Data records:
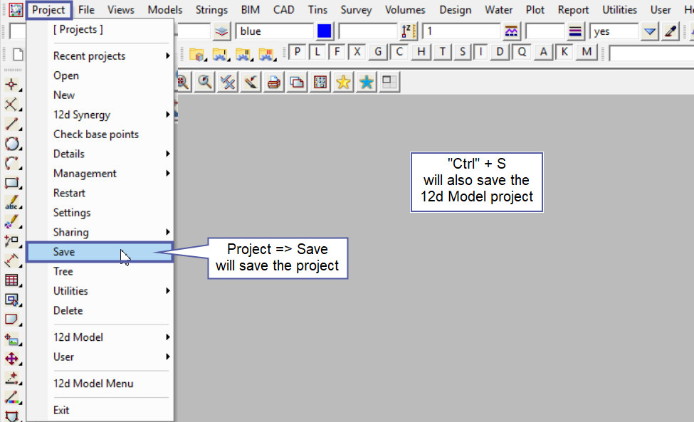 The second way to save a 12d Model Project is to hold the “Ctrl” key down and click “S” on the keyboard. (Just like any windows program)
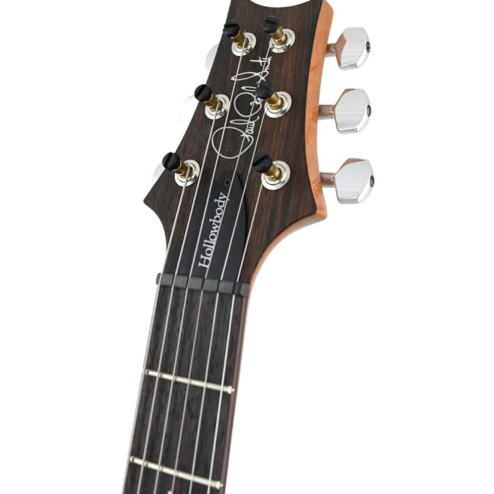 This PRS Hollowbody provides a beautiful mid-forward response, with a particularly acoustic and big resonant neck pickup. This guitar feels great, inspires noodling the nights away at home or on stage.
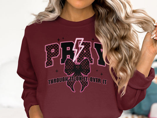Graphic Tee Shirt Pray Through It On It Over It Bow Lightning Design Trendy Casual Top Inspirational Quote TShirt Gift Idea
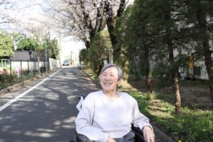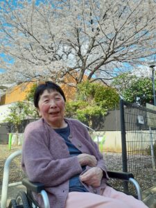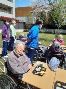 4月には施設の前の小道に桜並木があります。満開時にはお昼ご飯を食べたり皆様で散歩したり🎵
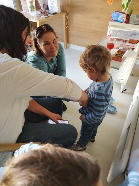 Day 1651. Last night Emmy came to me crying the first half of the night, before going to bed, but he didn't during the second half of the night, after I had gone to bed. This morning Sammy was up first; he had also gone to bed extra early as he had not felt well. Emmy was also saying he was hungry rather early, and so Randy got up to make their breakfast. I still stayed in bed and got up later to get some work done. At 11:15 Randy and the kids came back upstairs. All three made a drawing for our friend we were going to visit, and at noon we left the house.
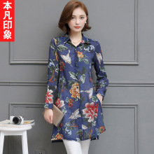 本凡印象衬衫女2016秋季中长款休闲女装宽松大码长袖V领白衬衣
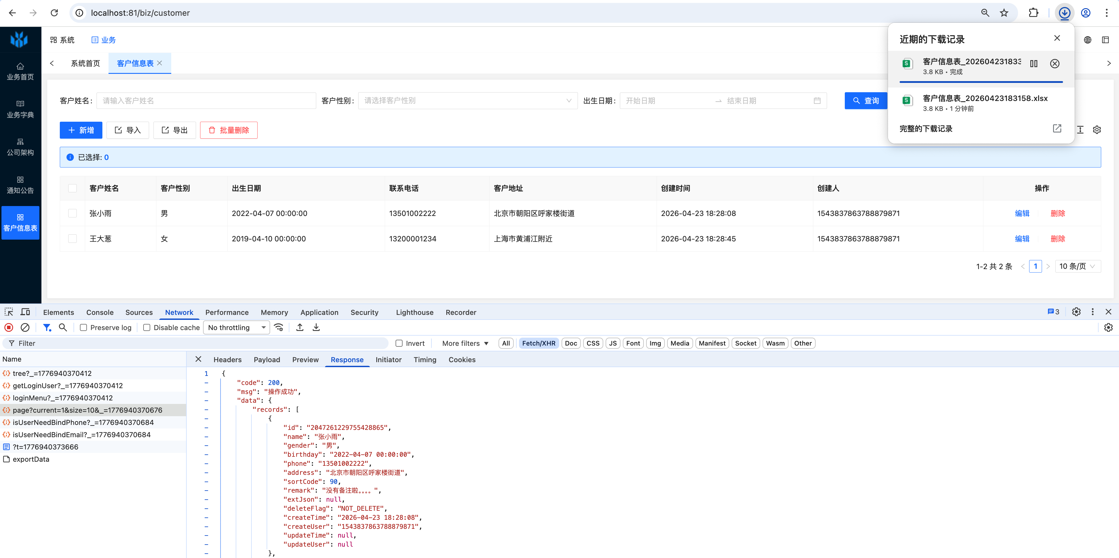 | Excel 导出 | 将当前查询条件下的客户列表导出为 Excel 文件(支持分页全部导出,非仅当前页) |
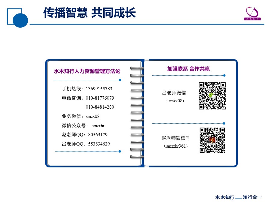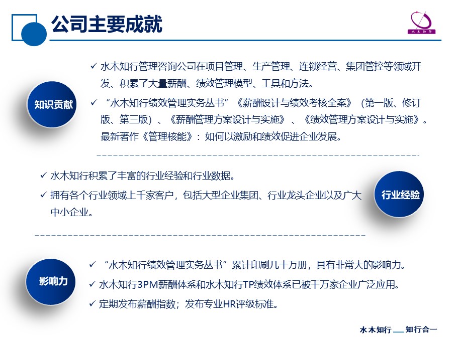 水木知行在人力資源領域的貢獻:發(fā)布hr專業(yè)等級評定標準并得到廣泛認可,定期發(fā)布專業(yè)技術崗位薪酬指數(shù);水木知行提出薪酬績效管理理念和工具要與東方人性格特征以及企業(yè)管理基礎相結合,薪酬績效管理方式方法要與公司發(fā)展戰(zhàn)略、企業(yè)文化及管理風格相匹配;水木知行3PM薪酬體系和TP績效體系已被千萬家企事業(yè)單位廣泛應用,水木知行薪酬管理模型、績效管理模型、綜合激勵模型、員工滿意度模型、能力素質(zhì)模型、hr能力等級評定模型、薪酬指數(shù)模型等工具方法已被相關論文及書籍廣泛引用。
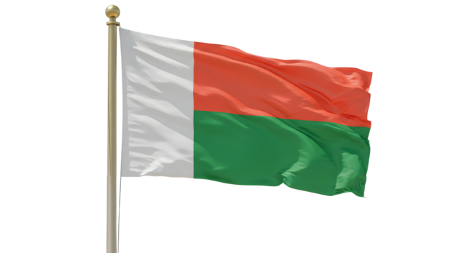 Madagascar flag waving on a flagpole with white, red, and green colors, symbol of Madagascar, perfect for educational and cultural projects
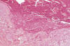 colágeno y detritus inflamatorio. Hematoxilina Eosina x100.
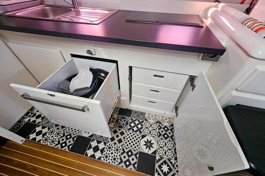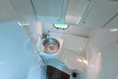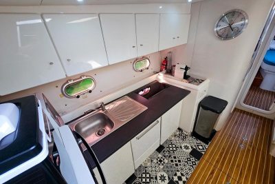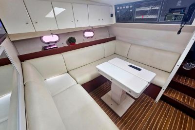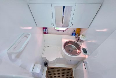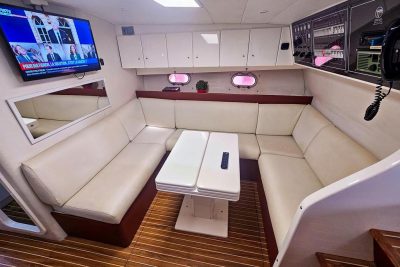 Son agencement comprend trois cabines et trois salles d’eau, idéal pour des croisières en famille ou entre amis. Les volumes intérieurs sont généreux, la circulation à bord est fluide et la luminosité très agréable.
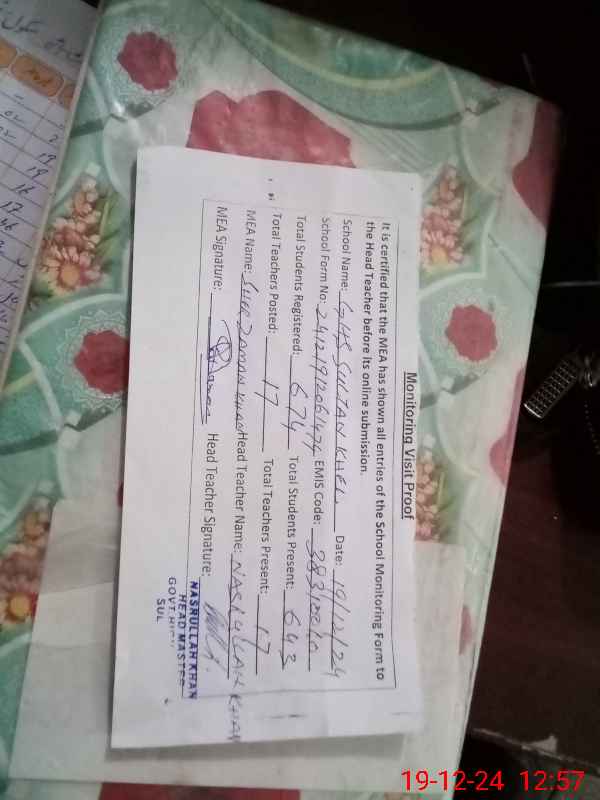 | EMIS Code: 38310010 | Name of School: GHS SULTAN KHEL | |||
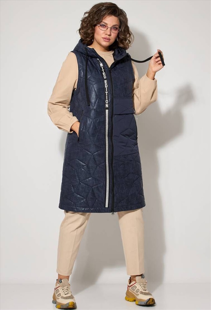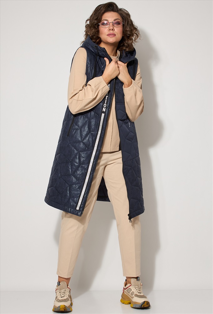 Стильный удлиненный жилет демисезонный — дополнение любого образа. Жилет больших размеров скроет лишние недостатки, вытягивает и стройнит. Безрукавка выполнена из стеганой курточной ткани с капюшоном и карманами на молнии, длина миди, слегка расширена к низу. В качестве декора тесьма с дизайном. Застежка на молнию с двумя бегунками.

■ Brief:
The answer should consist of all the records, duplicated exactly, with no images included.

■ Response to the exercise:
 The second way to save a 12d Model Project is to hold the “Ctrl” key down and click “S” on the keyboard. (Just like any windows program)
 This PRS Hollowbody provides a beautiful mid-forward response, with a particularly acoustic and big resonant neck pickup. This guitar feels great, inspires noodling the nights away at home or on stage.
Graphic Tee Shirt Pray Through It On It Over It Bow Lightning Design Trendy Casual Top Inspirational Quote TShirt Gift Idea
 4月には施設の前の小道に桜並木があります。満開時にはお昼ご飯を食べたり皆様で散歩したり🎵
 Day 1651. Last night Emmy came to me crying the first half of the night, before going to bed, but he didn't during the second half of the night, after I had gone to bed. This morning Sammy was up first; he had also gone to bed extra early as he had not felt well. Emmy was also saying he was hungry rather early, and so Randy got up to make their breakfast. I still stayed in bed and got up later to get some work done. At 11:15 Randy and the kids came back upstairs. All three made a drawing for our friend we were going to visit, and at noon we left the house.
 本凡印象衬衫女2016秋季中长款休闲女装宽松大码长袖V领白衬衣
 | Excel 导出 | 将当前查询条件下的客户列表导出为 Excel 文件(支持分页全部导出,非仅当前页) |
 水木知行在人力資源領域的貢獻:發(fā)布hr專業(yè)等級評定標準并得到廣泛認可,定期發(fā)布專業(yè)技術崗位薪酬指數(shù);水木知行提出薪酬績效管理理念和工具要與東方人性格特征以及企業(yè)管理基礎相結合,薪酬績效管理方式方法要與公司發(fā)展戰(zhàn)略、企業(yè)文化及管理風格相匹配;水木知行3PM薪酬體系和TP績效體系已被千萬家企事業(yè)單位廣泛應用,水木知行薪酬管理模型、績效管理模型、綜合激勵模型、員工滿意度模型、能力素質(zhì)模型、hr能力等級評定模型、薪酬指數(shù)模型等工具方法已被相關論文及書籍廣泛引用。
 Madagascar flag waving on a flagpole with white, red, and green colors, symbol of Madagascar, perfect for educational and cultural projects
 colágeno y detritus inflamatorio. Hematoxilina Eosina x100.
 Son agencement comprend trois cabines et trois salles d’eau, idéal pour des croisières en famille ou entre amis. Les volumes intérieurs sont généreux, la circulation à bord est fluide et la luminosité très agréable.
 | EMIS Code: 38310010 | Name of School: GHS SULTAN KHEL | |||
 Стильный удлиненный жилет демисезонный — дополнение любого образа. Жилет больших размеров скроет лишние недостатки, вытягивает и стройнит. Безрукавка выполнена из стеганой курточной ткани с капюшоном и карманами на молнии, длина миди, слегка расширена к низу. В качестве декора тесьма с дизайном. Застежка на молнию с двумя бегунками.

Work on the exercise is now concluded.